LATIN AMERICA — High American Gold narrows focus in Argentina

After spending the last half-year separating the wheat from the chaff among its Argentine property holdings, High American Gold (HIAM-C) is focusing its attention on two promising gold-silver prospects.

High American began life more than a year ago as a privately held company, Stromatalite Resource, which acquired an 80% interest in a land package of 54 precious and base metal properties covering 2,000 sq. km in 10 Argentine provinces.

The vendor, Hector Gando, retained a 20% interest in High American Gold International, the Argentine subsidiary that owned the properties, and the right to a 20% participating interest or 10% carried interest. As well, Gando had the right to a similar interest in any new properties High American added to its portfolio.

Stromatalite then completed a $3.6-million private placement (6 million shares at 60cents each) and merged last spring with the publicly traded shell company Intex Mining. The new corporate entity, named High American Gold, went public in July 1997 and has since applied for a Montreal listing.

The company has now homed in on the two most prospective properties: Oesteroche, a gold-silver porphyry property situated in northwestern Argentina’s Salta province, and Pirineos, an epithermal gold-silver property in southern Argentina’s Santa Cruz province.

Gando recently reached a preliminary agreement with High American to sell his 20% interest in both Oesteroche and Pirineos. As part of the deal, High American is returning the remaining properties. Further details will be released after the deal is signed. This latest deal with Gando has paved the way for High American to seek out joint-venture partners for Oesteroche and Pirineos.

President James Decker says the company intends to open an office in Mendoza or Salta, in order to give the company better access to its properties as well as to Chile and other South American countries.

At the 5,400-ha Oesteroche property, High American has completed two mapping, trenching and sampling programs over a 600-by 400-metre tourmaline-breccia pipe.

In the first program, about 700 rock and soil samples were collected from a 25-metre grid over the breccia pipe.
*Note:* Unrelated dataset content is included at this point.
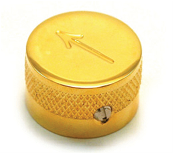 Set of 4. Fits USA solid shaft pots, set screws included. Arrow logo. Gold.
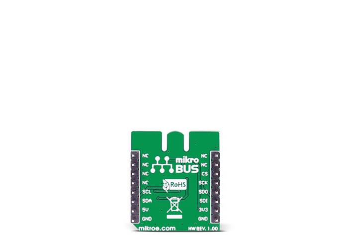 For the mikroBUS™ socket we include the MIKROE Weather Click. MIKROE Weather Click carries BME280 integrated environmental unit from Bosch. It’s a sensor that detects humidity, pressure, and temperature, specifically designed for low current consumption and long-term stability. The click is designed to work on a 3.3V power supply. It communicates with the target microcontroller over SPI or I2C interface.

Another 115 samples were taken from areas adjacent to the pipe. Soil samples showed gold contents as high as 111 grams per tonne and one rock sample graded 12.7 grams.
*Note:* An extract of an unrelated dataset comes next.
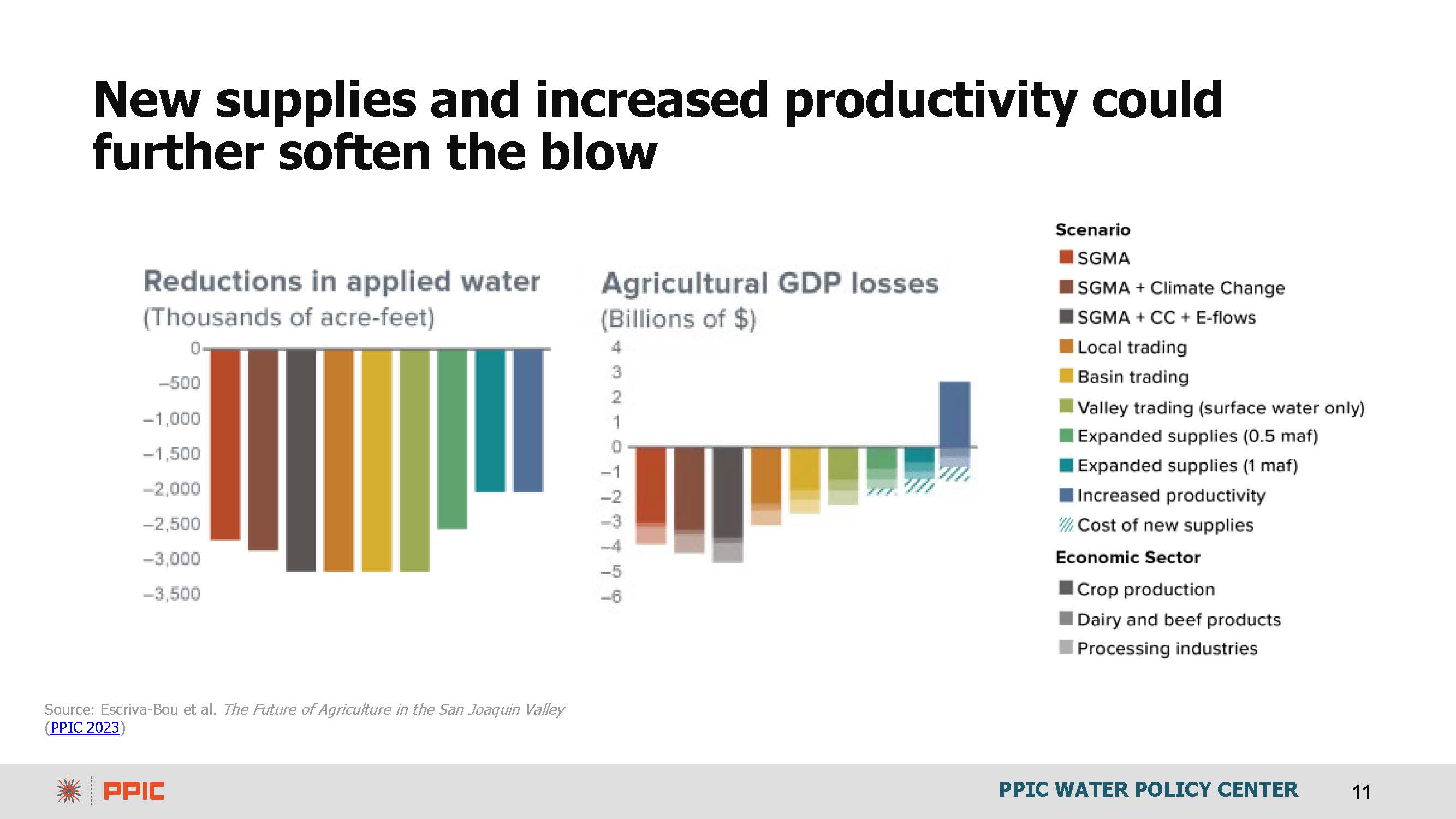 Of course, GSAs would rather augment supplies than reduce groundwater use, but there’s growing recognition that demand management will have to be part of the story. So the PPIC has been studying ways to soften the transition using tools such as improving water trading rules, updating water infrastructure, recharging groundwater, increasing ag productivity, and finding productive uses for fallowed lands.

In the second phase, High American took 197 rock samples along a newly built road on the north side of the breccia, and a further 74 soil samples along the road on the south side, where rock exposure was limited. Five hand-dug trenches exposed fresh rock faces. Highlights include a rock sample grading 4.18 grams gold and a soil sample grading 2.44 grams gold.

The gold at Oesteroche is in metamorphosed Ordovician phyllites and quartzites adjacent to the Inca Viejo felsic intrusion. Both are overprinted with epithermal high-sulphidation alteration and intruded by Tertiary rhyolite and dacite breccias. Intersecting north- and northwest-striking faults control the vein and breccia locations. Drill targets have been identified, and a US$575,000 drilling program is planned.
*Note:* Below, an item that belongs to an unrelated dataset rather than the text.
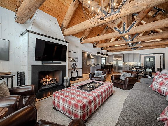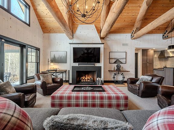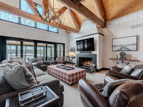 Ultimate retreat for hunters or nature enthusiast awaits in this custom log home with private driveway on 27+ wooded acres with 1200 acre pond.The perfect blend of rustic elegance and modern amenities with smart Green Solar. Plenty of space for entertaining with expansive floorplans on both levels. The main level offers a two story vaulted Great room, built w/exposed Standing Dead Wood log trusses from South Dakota and a IsoKern gas fireplace. Walk through French sliders to a covered porch overlooking your own waterfront to include a stone patio with gas firepit and new hot tub. Beautiful kitchen with custom cabinetry, subzero appliances, Absolute Black honed granite counter tops. Dining area was designed to host large gatherings. Flooring on the main level is 8" hickory with a European Oil finish. Primary bedroom with walk in closet, dual vanity, large tile shower with a bench and rain showerhead. The bunk room with six Queen size log bunk beds and ensuite bath. The third guest room and adjacent full bath complete the main floor. The lower level has an attractive game room, the walls are reclaimed barn siding and antique brick. Polished concrete floors with radiant heat, Bar with Cherry countertops and ice maker. A half bath, bonus room, two car garage and two storage areas complete the lower level. Irrigation system and detached 3 car garage. Tree stand, gazebo, hunting blinds and beautiful trails to enjoy. Deeded access to dock on Swains Lake. Offered fully furnished.

The company mapped and sampled the Pirineos property — made up of eight smaller properties totalling 39,000 ha — in November and December.

Mineralization is in a vein system hosted by rhyolite tuff and ignimbrite that has been brecciated and silicified along major north-south trending zones, 50 to 150 metres wide and up to 2 km long. Of the 500 rock samples taken from eight different structures, the highest values obtained were 4.6 grams gold and 852 grams silver per tonne.